Y no muere, sino que vive, eternamente joven, la rosa. Vive sin temores, bella y delicada cual agua imperturbable de manantial de agua pura. Vive hasta el día en el que su orgullo se lastima.

Y, entonces, en un instante y de puntillas, para no ser oídos,  sus pétalos mueren en agonía de sueños martirizados, de deseos descuartizados, de ilusiones secuestradas. Sus hojas, lienzo de mil escritores arden en un arrebato de vergüenza por el color marrón, marchito, que las invade. Muerte. Esta muriendo.
Sus espinas son las únicas que quedan como testigo tras la muerte de su existencia. Solo permanecen ellas, orgullosas, imbatibles, moribundas. Solo ellas, que en vida protegieron al tesoro que guardaban, y ahora, mientras agonizan, lo recuerdan con anhelo, con deseo

Vida eterna para las rosas, que esconden lujuria entre sus pétalos.
Vida eterna para las rosas, que relatan historias de sexo y placer en sus hojas.
Vida eterna para las rosas, diosas de la belleza entre las flores. Vida y muerte para ellas.

No hay rosa única.
No hay belleza eterna.
No hay nada.
Solo sangre. Solo sexo.
Solo vida.

Y luego muerte.


Una rosa, segunda semilla de una vida.


Hm.

Solo soy una humana mas, con ideas, sueños y deseos varios, así como miedos.

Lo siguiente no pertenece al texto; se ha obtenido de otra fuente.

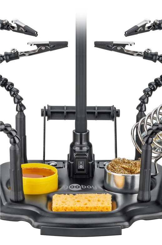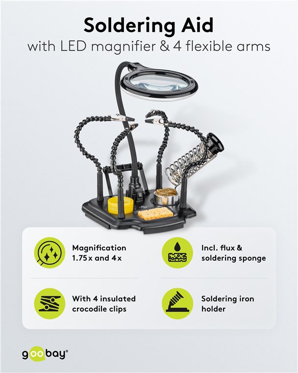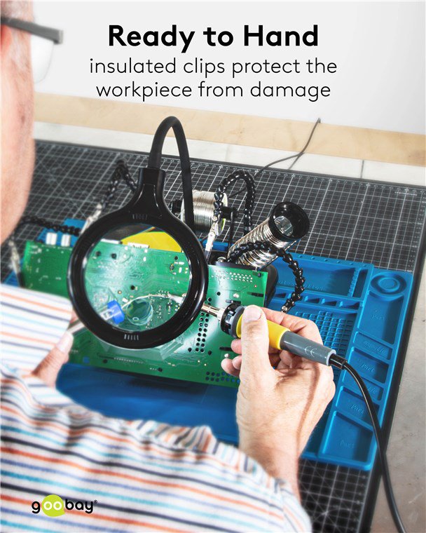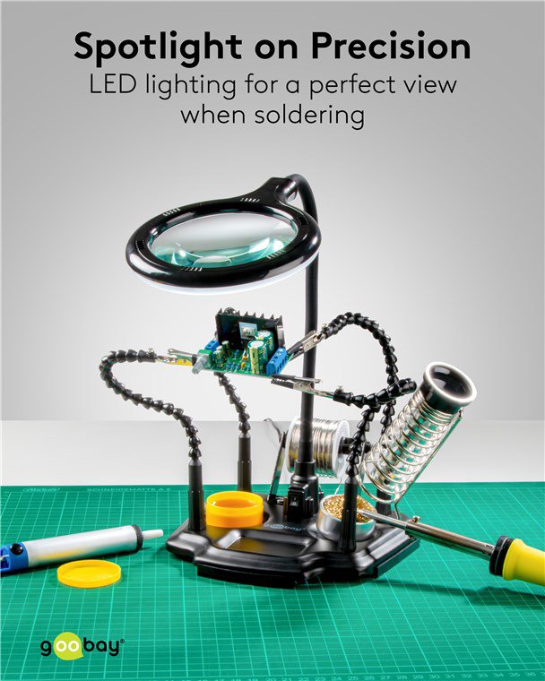 GOOBAY βάση στήριξης πλακέτας 76558 με μεγεθυντικό φακό & θέση για κολλητήρι, 4x βραχίονες, μαύρη

Podría decirse, por darme un nombre o varios, que soy Jacqueline y soy Mathob, y ellas dos son yo. Mis dos facetas. No soy bipolar, no sufro esquizofrenia, solo soy yo. ¿Y quien soy yo? Eso, no lo sé.

Puede que este ligeramente loca. No lo descarto como opción.

El tedio me invade en dosis de ibuprofeno. La hipotenusa es igual al coito de dos catetos y los ángeles nacen de la desdicha. Bien cierto es que Hik tiene razón, hay que follarse a las mentes, las mentes son sensuales, adictivas. Follemonos a las mentes 

Una rosa, primera semilla de una vida.